Setelah mengatakan itu, dia bahkan mulai tertawa terbahak-bahak.
Bill terdiam menatap Qin Tian yang tertawa histeris, Dia tidak bisa tidak berpikir: 'Saudara Tian bukankah kamu terlalu percaya diri? Aku tahu kamu sangat kuat, tetapi kamu tidak harus begitu sombong, kan?'
Tentu saja, dia hanya memikirkannya di dalam hatinya, dia tidak akan berani mengatakannya dengan keras.
Saat mereka berbicara, mobil tiba di pintu masuk gym tinju bawah tanah.
Qin Tian turun dari mobil dan melihat orang-orang yang berdiri di depan pintu masuk gym
Selain Lin Ming yang sudah dikenal, sisanya adalah wajah yang tidak dikenal, Dan pada saat ini Lin Ming maju untuk menyambutnya.

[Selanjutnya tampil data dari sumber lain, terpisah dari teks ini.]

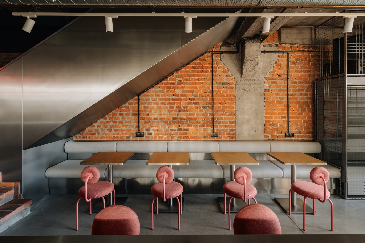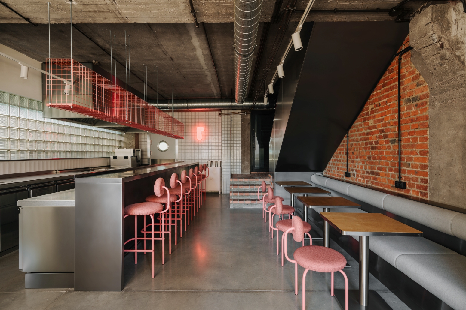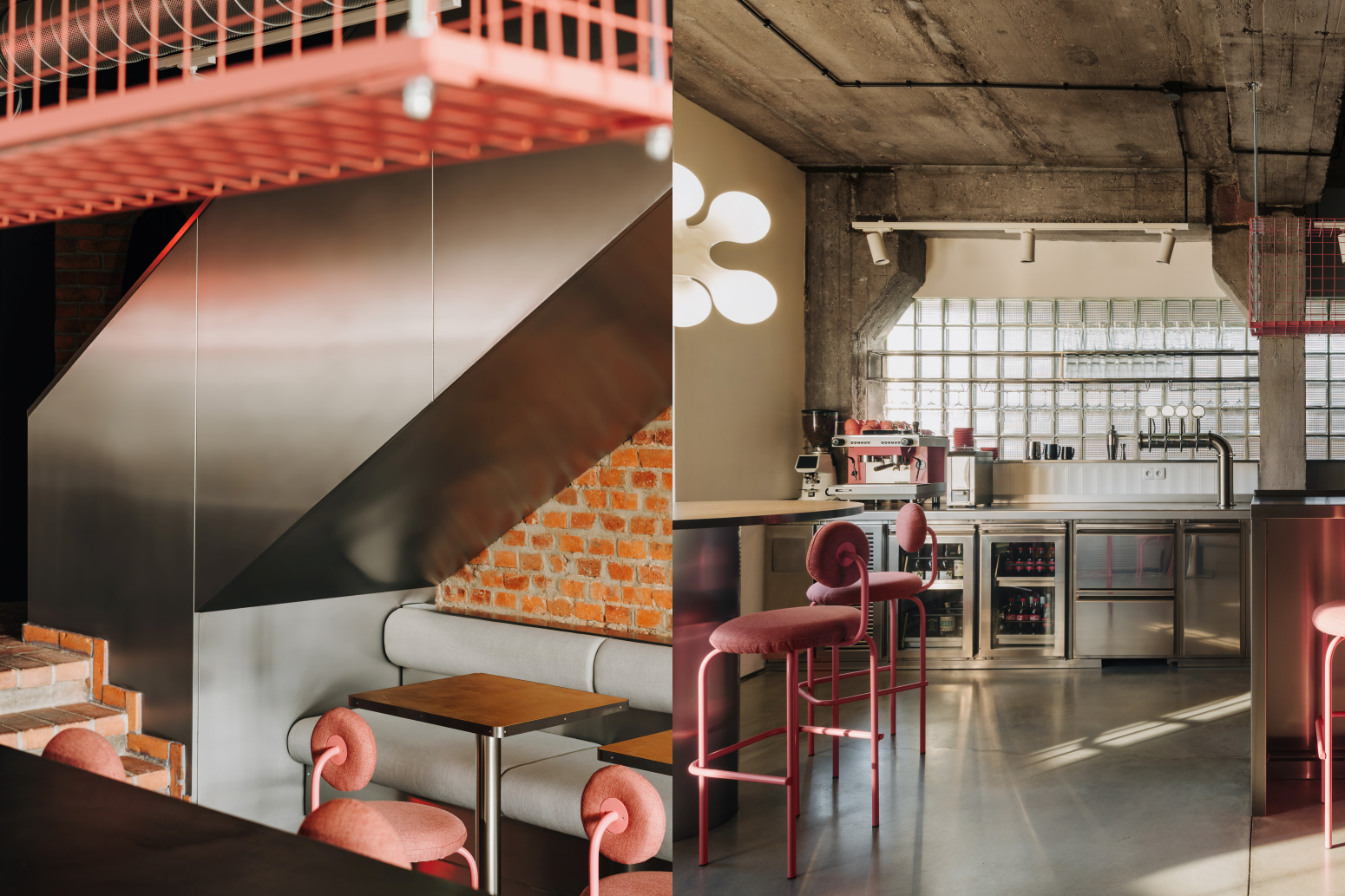 Sercem wnętrza jest otwarta, dobrze wyeksponowana kuchnia, która płynnie łączy się ze strefą dla gości. W centralnym punkcie umieszczony został bar z nawisem, a tuż za nim ciąg technologii i otwarta strefa robocza z różowym ekspresem do kawy. Przy wejściu umieściliśmy wysoki stół typu "common", który zachęca do wspólnego spędzania czasu. Natomiast w strefie pod schodami zaplanowaliśmy miejsce na dwuosobowe stoliki, co optymalizuje wykorzystanie przestrzeni. Cały układ jest przemyślany tak, by maksymalnie wykorzystać niewielką powierzchnię, zapewniając jednocześnie wygodę, funkcjonalność i klimat.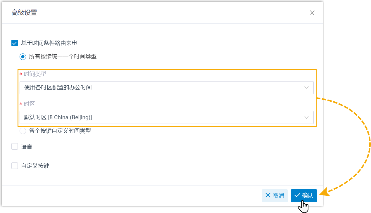- 在弹窗中,勾选 基于时间条件路由来电。

Dia berkata kepada Qin Tian, "Biarkan saya memperkenalkan Anda kepada bos triad ini."
Lin Ming mendatangi seorang pria tua berambut putih dan memperkenalkannya kepada Qin Tian,"Ini adalah Sir Arthur, Patriark Sekte Semua Makhluk."
Qin Tian tampak bingung dan bertanya, "Apa itu Sekte Semua Makhluk?"
Mendengar pertanyaan Qin Tian, Lin Ming tidak bisa menahan diri untuk tidak mengeluh dalam hatinya: 'Apakah kamu serius, Bro? Anda bahkan tidak tahu apa itu Sekte Semua Makhluk, namun Anda berpartisipasi dalam kompetisi tinju bawah tanah?'
Itulah yang dipikirkan Lin Ming, tetapi di mulutnya, dia berkata, "Bukankah Bill memperkenalkan sekte ini kepadamu?"
Qin Tian menggelengkan kepalanya, menandakan bahwa Bill tidak memberitahunya tentang sekte ini.
Bill, yang berdiri di samping, berkata, “Saya tidak memberi tahu Saudara Tian tentang hal ini. Saya pikir dia sudah tahu. ”
Lin Ming menatap Bill dengan dingin, Bill bergidik melihat tatapan dingin di mata bosnya, Tubuhnya tanpa sadar mundur dua langkah.
__ADS_1
Arthur, yang berdiri tidak jauh dari situ, mengamati situasi tanpa ada perubahan pada ekspresinya.